### [INPUT DATA]

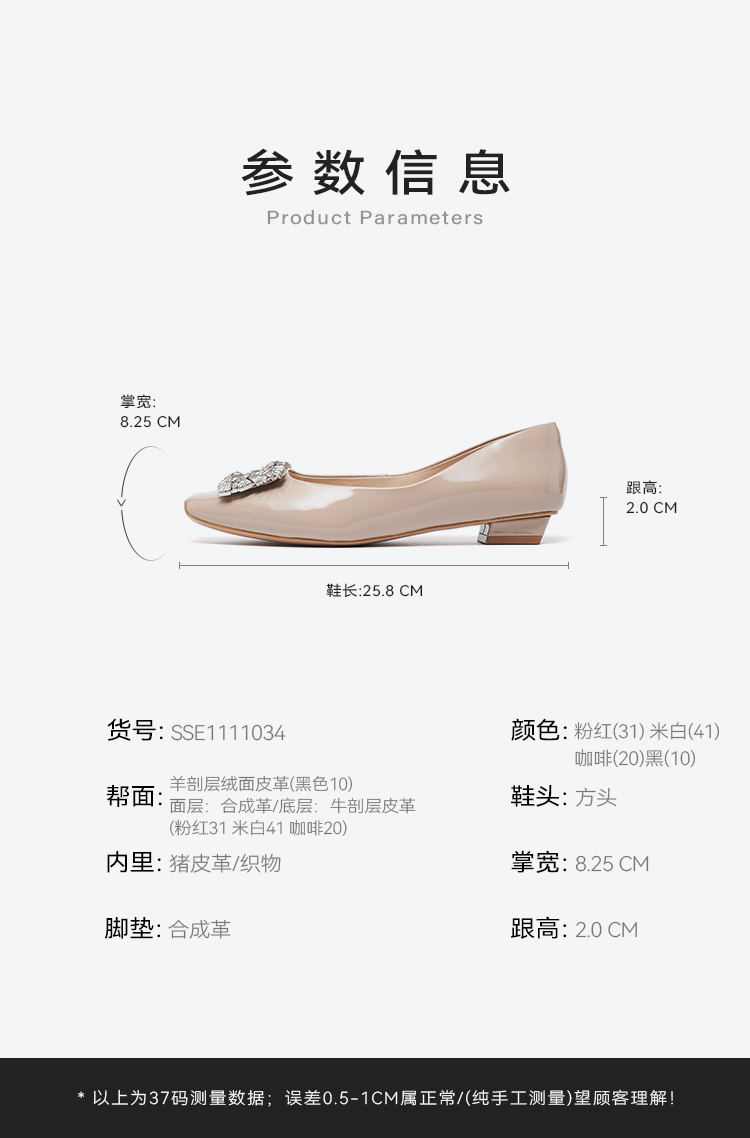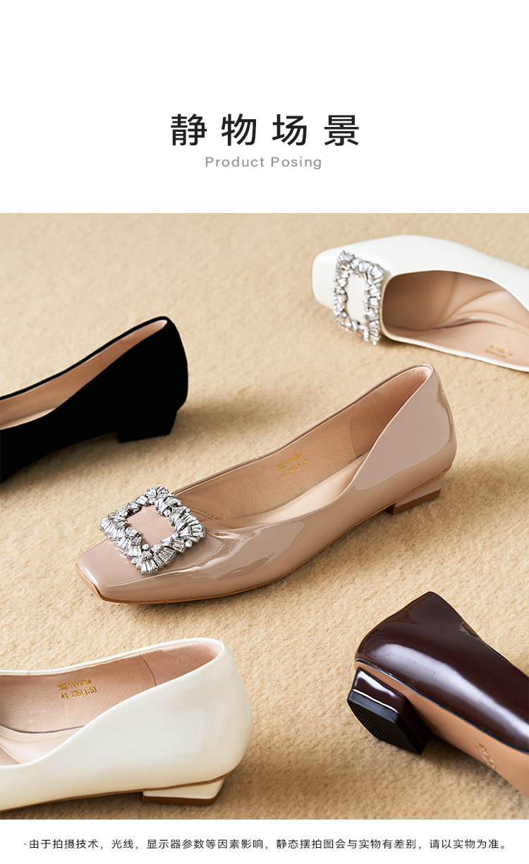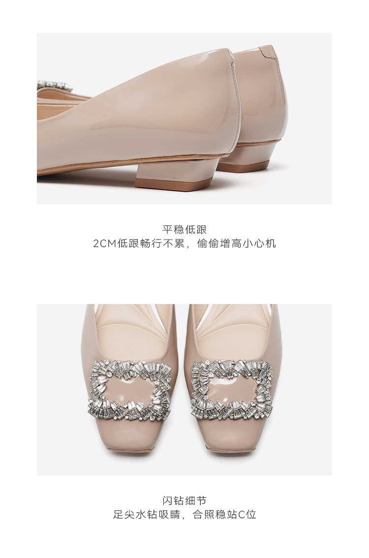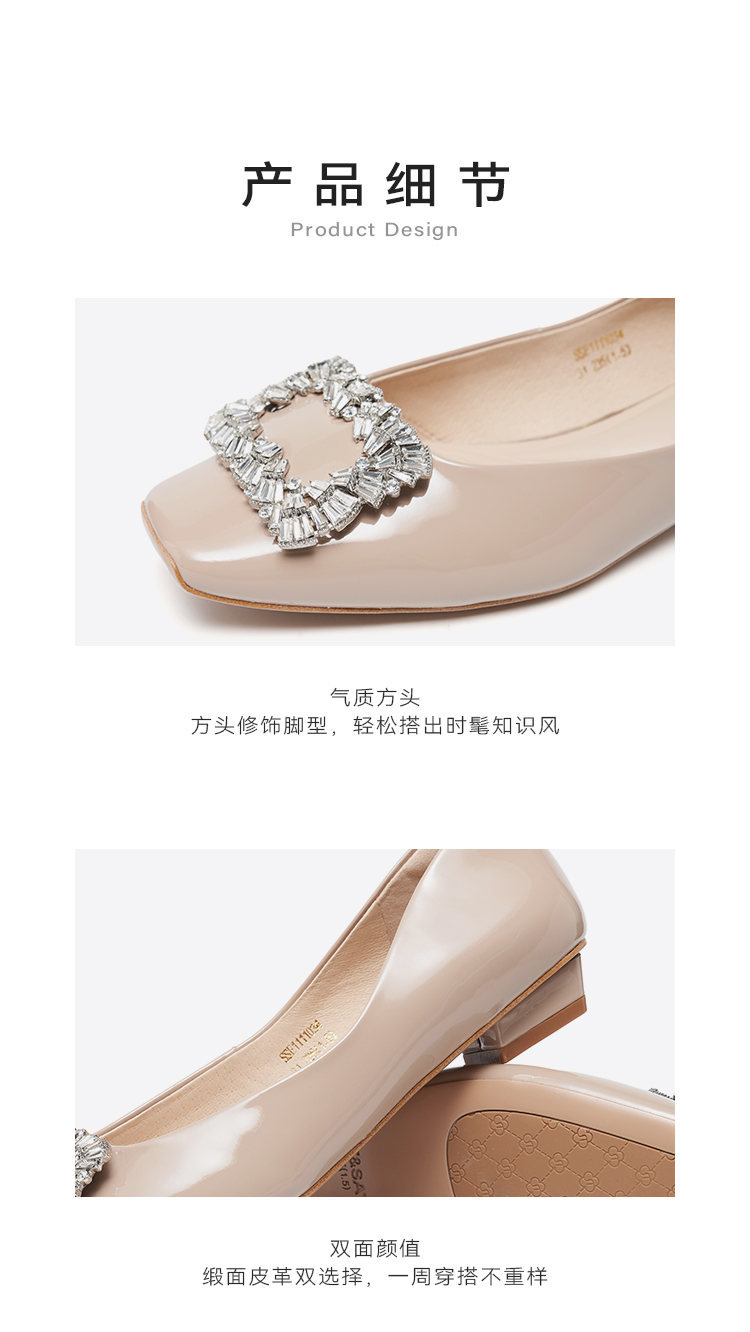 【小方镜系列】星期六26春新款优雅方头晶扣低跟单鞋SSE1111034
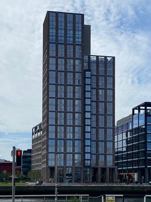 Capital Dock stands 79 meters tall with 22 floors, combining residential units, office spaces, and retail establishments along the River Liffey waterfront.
---
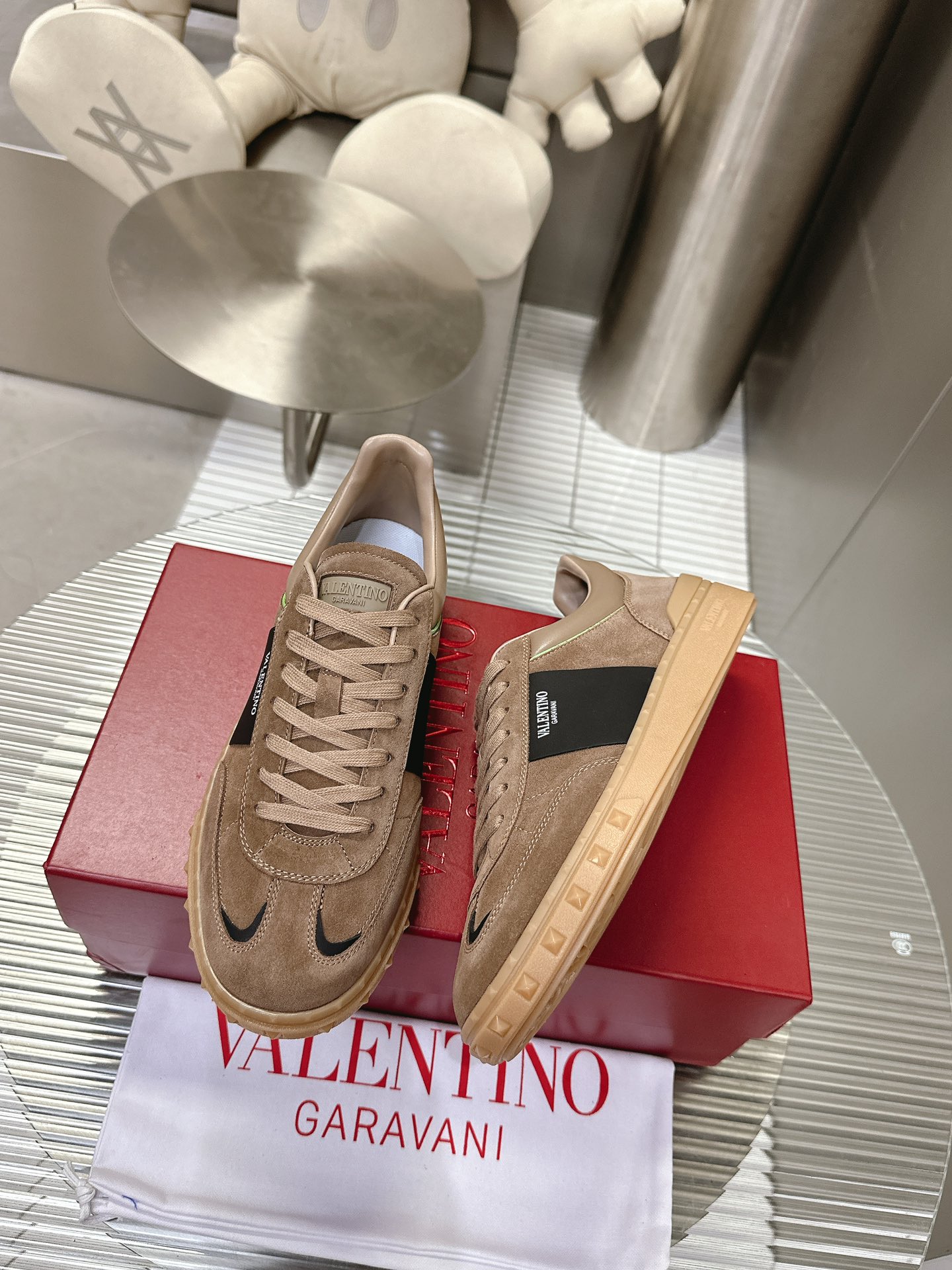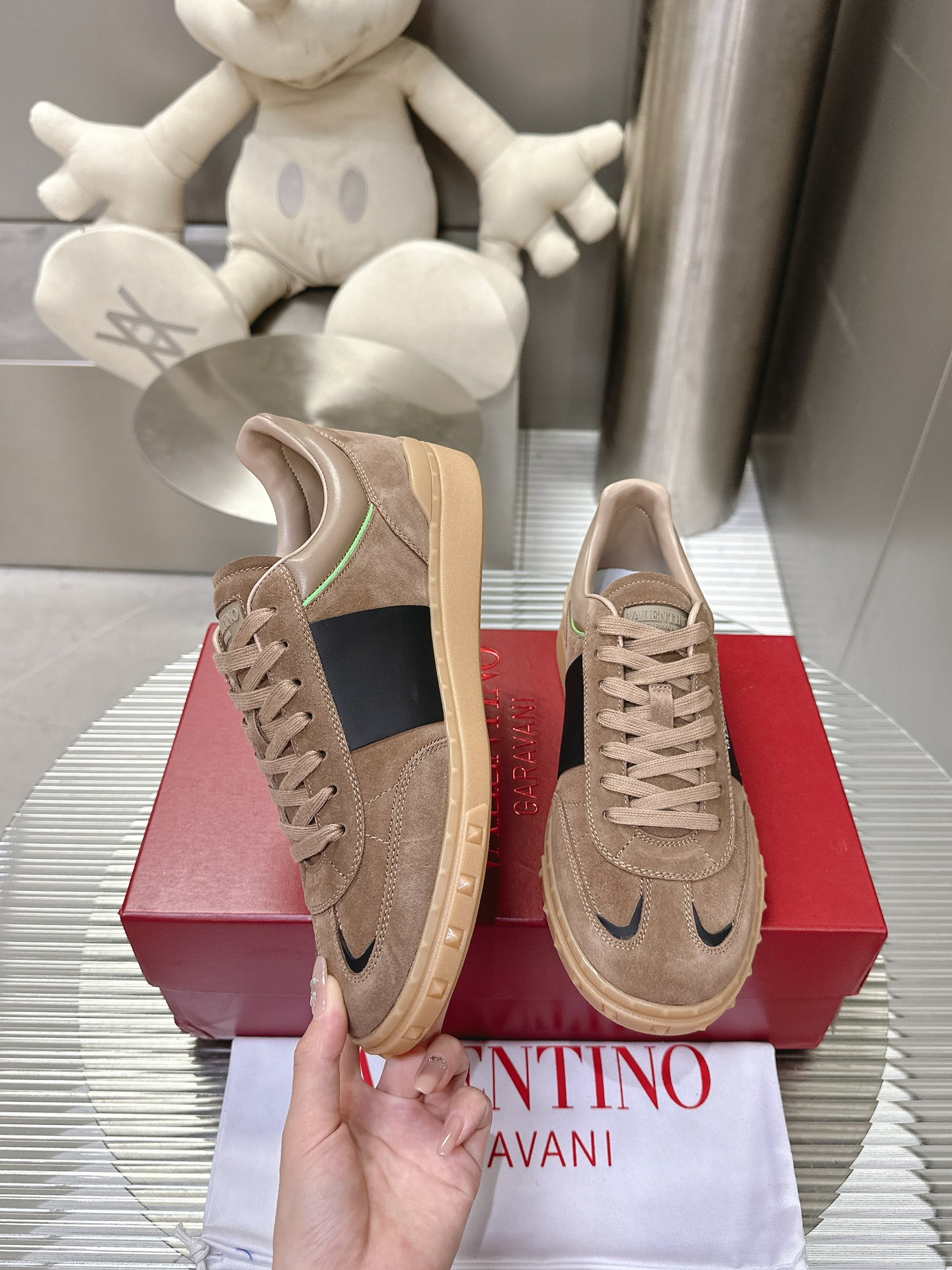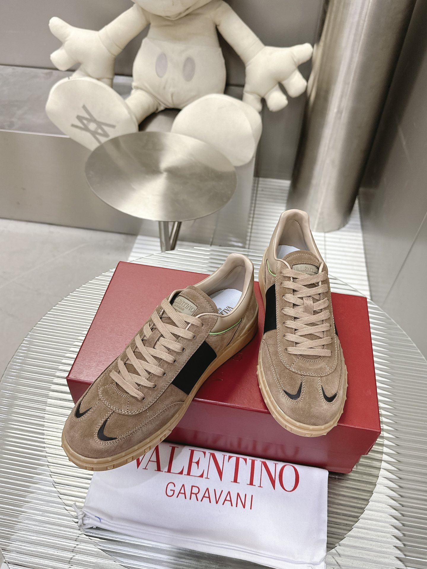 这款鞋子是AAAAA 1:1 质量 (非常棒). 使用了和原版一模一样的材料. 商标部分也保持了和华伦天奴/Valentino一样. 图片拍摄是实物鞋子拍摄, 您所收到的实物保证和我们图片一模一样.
--
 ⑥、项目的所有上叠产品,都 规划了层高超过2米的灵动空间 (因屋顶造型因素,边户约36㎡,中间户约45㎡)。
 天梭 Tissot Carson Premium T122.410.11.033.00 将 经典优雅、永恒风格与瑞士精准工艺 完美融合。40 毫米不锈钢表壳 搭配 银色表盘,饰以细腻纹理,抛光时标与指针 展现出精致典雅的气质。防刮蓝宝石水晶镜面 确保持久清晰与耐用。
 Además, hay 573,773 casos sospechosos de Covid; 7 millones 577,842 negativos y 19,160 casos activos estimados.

### [INSTRUCTIONS TO FOLLOW]
Print again the lines of the entries above that fall between the line holding "天梭 Tissot Carson" and the line holding "Además, hay 573,773", inclusive, exactly as they stand.

### [TASK RESULT]
 天梭 Tissot Carson Premium T122.410.11.033.00 将 经典优雅、永恒风格与瑞士精准工艺 完美融合。40 毫米不锈钢表壳 搭配 银色表盘,饰以细腻纹理,抛光时标与指针 展现出精致典雅的气质。防刮蓝宝石水晶镜面 确保持久清晰与耐用。
 Además, hay 573,773 casos sospechosos de Covid; 7 millones 577,842 negativos y 19,160 casos activos estimados.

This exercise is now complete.